Plesk Default installation Vulnerabilities

[renis]

I don't understand what you expest from a control panel... to be a Bank???

Control Panel is an automated system for hosting. The only thing (for security) that is responsible, is creating different users with different permissions for INETPUB folder. That's all.

If everything was done by Plesk, what has to do a system administrator then????

1. ASP.NET
YOU must edit and put right permissions. ASP.NET is not a Plesk product. The same works for Merak

2. Don't use AwStats. They kill the server even without vulnerabilities.

3. Install a firewall and close ports u don't use

4. Every OS is vulnerable. But using system acount can't be considered e vulnerability. If you want, just create different accounts for every service. You can't expect Windows to do that, because are most of third party softwares that choose to use system as service account. If you don't want that. just change it.

5. Tools like IISLockDown exist from 5 years now. Even free

6. If an attacker has enough access to install Serv-u, why he just dont take control of the system directly, but fist install serv-u and then take control...

Come on...
You want a software that will be able to do what you have in your mind, without pushing a key over keyboard... or better what will will have in yout mind in the future

 

[jerry2]

Hm, anbody know how can I fix this remview.php script? I got freaked out, install it on one client site as he can also and he can have access to all the files on my Windows through web interface. Come on! This is not a securoty flaw, this is too huge risk to run a web server at all :-(

There must be something to fix this so script browsers couldn't go outside of his folder isn't it?

Jerry

 

[Improv]

Originally posted by jerry2
There must be something to fix this so script browsers couldn't go outside of his folder isn't it?

Jerry [/B]

Jerry,

What you need to look at is the security context which the script runs under. In this case it is of the IUSR family which receives Guests permission which intern has User permissions. What you will also find is that plesk have setup the group psacln. The psacln group contains all the IUSR, IWAM and FTP logins.

So what you need to do is explictly deny access to this group where you don't wish this group to have access. As with all security permissions a deny overides permit. Therefore a deny for the psacln group will override a permit for the BUILTIN\users.

Also have a look at for some IIS tips.

http://searchwindowssecurity.techtarget.com/tip/1,289483,sid45_gci997908,00.html

I hope this helps ...

Michael

 

[Improv]

Originally posted by renis
I don't understand what you expest from a control panel... to be a Bank???

Renis,

While I agree with the principle of the admin being responsible for the security of his/her environment I also believe the Plesk team could do more to lock the environment down much like our friends at MS should do more of.

Originally posted by renis
5. Tools like IISLockDown exist from 5 years now. Even free
[/B]

Yes, except for those running IIS 6. MS clearly indicate that the LockDown Tool and URLScan are unnecessary.

Originally posted by renis
Come on...
You want a software that will be able to do what you have in your mind, without pushing a key over keyboard... or better what will will have in yout mind in the future [/B]

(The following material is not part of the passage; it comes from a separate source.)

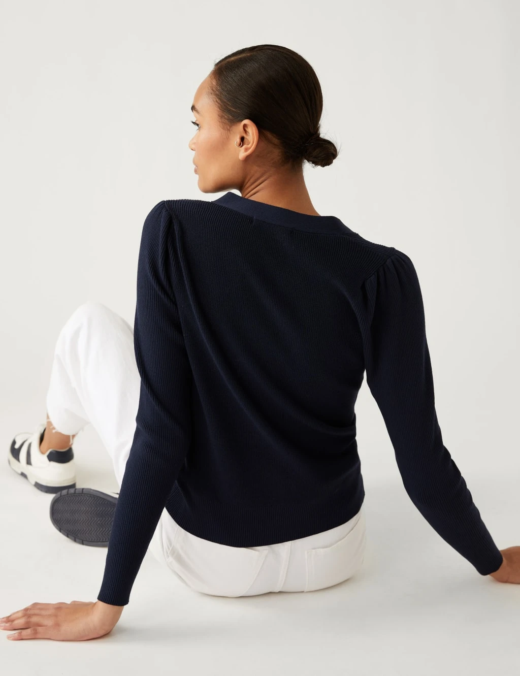 This ribbed cardigan is perfect for transitioning between the colder and warmer seasons. It’s crafted in a regular fit and features a flattering v-neck. The cardigan fastens with buttons down the centre and has tiny pleats on the shoulders for a touch of femininity.

It would be nice to live in some utopian world where I could push a button and the whole environment would spring to life. Unfortunatley we both know that isn't true and I believe most of the people on this forum also know that. What I do expect is that most companies would learn from the caneing that MS has received over security and increase the priority of security.

Cheers Michael

 

[renis]

I agree with you Improv

What is really frustrating is looking at persons, who have no idea of server administration, and want to run a hosting business. Evidently they expect everything ready made from OS or Hosting Control Panel.
Unfortunately most of them use windows as OS, maybe because they find it more user friendly. This is primary reason why windows looks like more vulnerable then *nix in security. Give to linux a more nice gui and you will be surprised from horror stories you will listen over hosting forums. (like with windows now)

I think that every OS have bugs and holes. Is important for a server admin to update and secure his box as much as possible. You can not expect from Swsoft to fix Microsoft or RedHat bugs.

For me was not a problem even not using a control panel. I did that for more then 2 years with Windows 2000 without any problem. Primary reason for a control panel was accounting. Second was speed. But this does not mean that human server admin is obsolete...

 

[knocx]

Renis;

default plesk-win ACL structure and deployment is wrong and not suits to shared hosting enviroment. it is easily exploitable.

When you correct these settings as they had to be then plesk wont work with the new ACL config.

Also .NET is another security issue for win. that you have to manually configure each client after assigning .NET service which is an overhead.

I believe swsoft is still not familiar that windows is vulnerable to anything. this is because its structure is not win native. i.e PLESK should stop using cmd.exe



> What is really frustrating is looking at persons, who have no idea of server administration

if you are questioning my administrative skills, then i have to say that

i am a RHCE , CEH , CISSP , CCNP and JNSCP-FW

and heres the deal Mr Guru;

why dont you just create an account on your rock hard win server with php , .NET , perl ..etc(whatever you give to your clients) and send it to me?